* [SUPPLIED INFORMATION]:
BEGIN

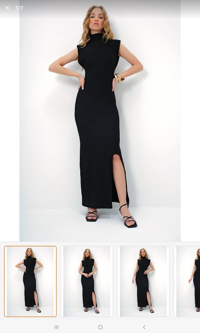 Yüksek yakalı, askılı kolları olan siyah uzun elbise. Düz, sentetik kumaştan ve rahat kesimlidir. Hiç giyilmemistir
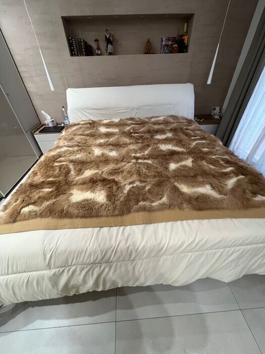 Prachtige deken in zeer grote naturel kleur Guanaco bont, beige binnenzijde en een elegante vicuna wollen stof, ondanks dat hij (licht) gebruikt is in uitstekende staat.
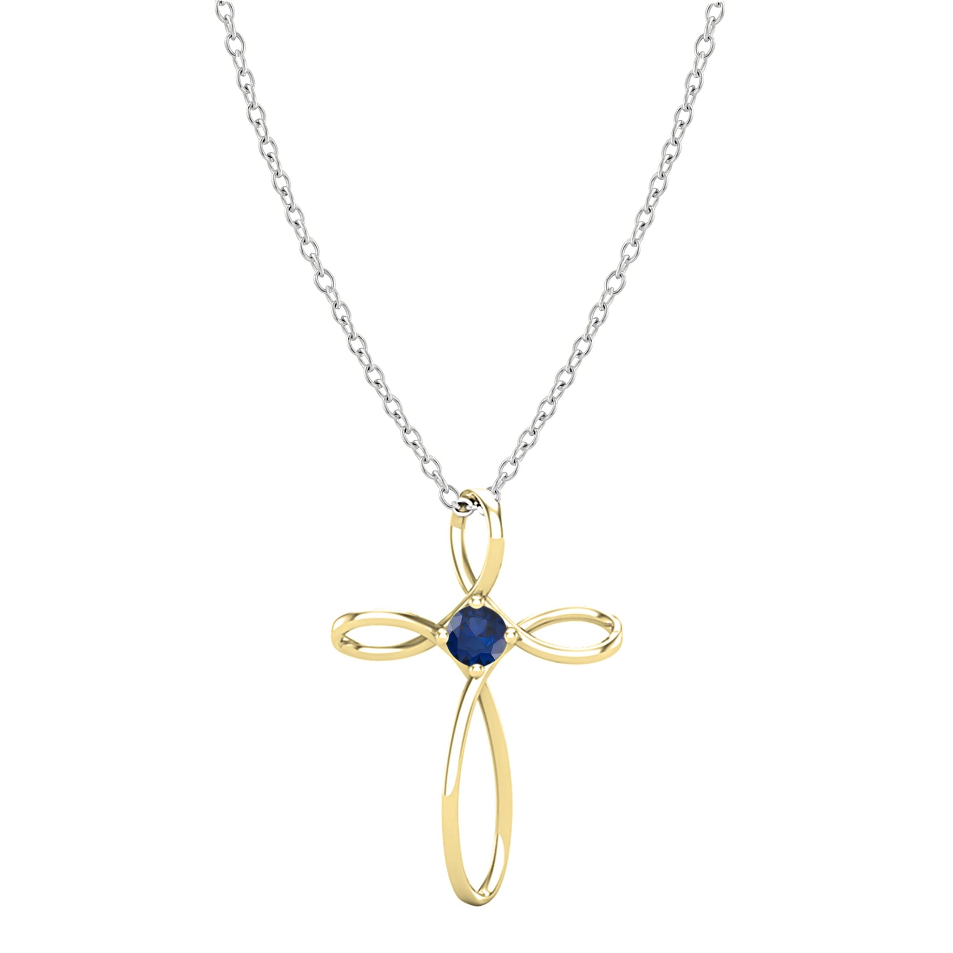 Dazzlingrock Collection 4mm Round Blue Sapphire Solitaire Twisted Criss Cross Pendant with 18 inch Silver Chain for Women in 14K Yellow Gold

END
BEGIN

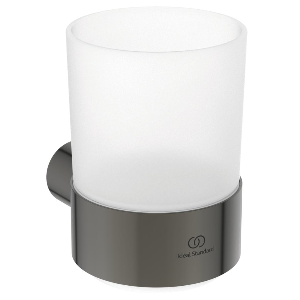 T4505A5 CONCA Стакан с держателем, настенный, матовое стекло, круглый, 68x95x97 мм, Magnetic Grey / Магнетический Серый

END

* [WORK REQUEST]: Copy exactly the lines of the listing above between the one holding "Prachtige deken in" and the one holding "Dazzlingrock Collection 4mm", inclusive; omit all pictures.

* [ANSWER TO THE PROBLEM]:
 Prachtige deken in zeer grote naturel kleur Guanaco bont, beige binnenzijde en een elegante vicuna wollen stof, ondanks dat hij (licht) gebruikt is in uitstekende staat.
 Dazzlingrock Collection 4mm Round Blue Sapphire Solitaire Twisted Criss Cross Pendant with 18 inch Silver Chain for Women in 14K Yellow Gold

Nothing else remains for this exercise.